Selective inference is a complicated and active research topic so we will not offer any off-the-shelf solution to the matter.
The curious reader is invited to read @rosenblatt2014selective, @javanmard2014confidence, or [Will Fithian's](http://www.stat.berkeley.edu/~wfithian/) PhD thesis [@fithian2015topics] for more on the topic. 


## Bibliographic Notes
For a general introduction to multivariate data analysis see @anderson2004introduction.
For an R oriented introduction, see @everitt2011introduction.
For more on the difficulties with high dimensional problems, see @bai1996effect.
For some cutting edge solutions for testing in high-dimension, see @rosenblatt2016better and references therein.
Simes' test is not very well known. It is introduced in @simes1986improved, and proven to control the type I error of detection under a PRDS type of dependence in @benjamini2001control.
For more on multiple testing, and signal identification, see @goeman2014multiple.
For more on the choice of your error rate see @rosenblatt2013practitioner.


## Practice Yourself

1. Generate multivariate data with:
    ```{r}
set.seed(3)
mu<-rexp(50,6)
multi<-  rmvnorm(n = 100, mean = mu) 
```
    a. Use Hotelling's test to determine if $\mu$ equals $\mu_0=0$. Can you detect the signal? 
    a. Perform t.test on each variable and extract the p-value. Try to identify visually the variables which depart from $\mu_0$.
    a. Use `p.adjust` to identify in which variables there are any departures from $\mu_0=0$. Allow 5% probability of making any false identification.
    a. Use `p.adjust` to identify in which variables there are any departures from $\mu_0=0$. Allow a 5% proportion of errors within identifications.

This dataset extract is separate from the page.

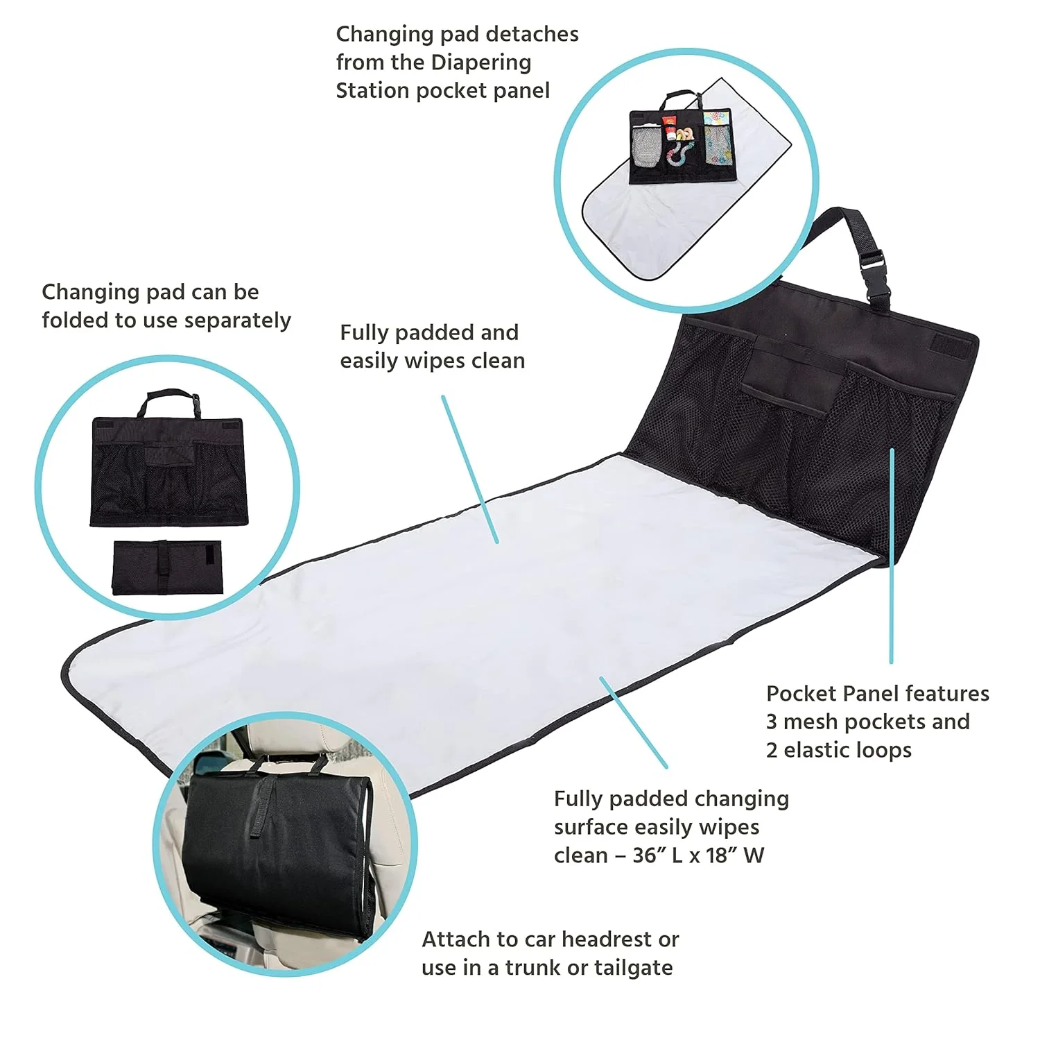 - An adjustable buckle strap makes it easy to attach the Diapering Station to car headrests.

1. Generate multivariate data from two groups: `rmvnorm(n = 100, mean = rep(0,10))` for the first, and `rmvnorm(n = 100, mean = rep(0.1,10))` for the second.
    a. Do we agree the groups differ?
    b. Implement the two-group Hotelling test described in Wikipedia: (https://en.wikipedia.org/wiki/Hotelling%27s_T-squared_distribution#Two-sample_statistic).
    c. Verify that you are able to detect that the groups differ. 
    d. Perform a two-group t-test on each coordinate. On which coordinates can you detect signal while controlling the FWER? On which while controlling the FDR? Use `p.adjust`.

1. Return to the previous problem, but set `n=9`. Verify that you cannot compute your Hotelling statistic.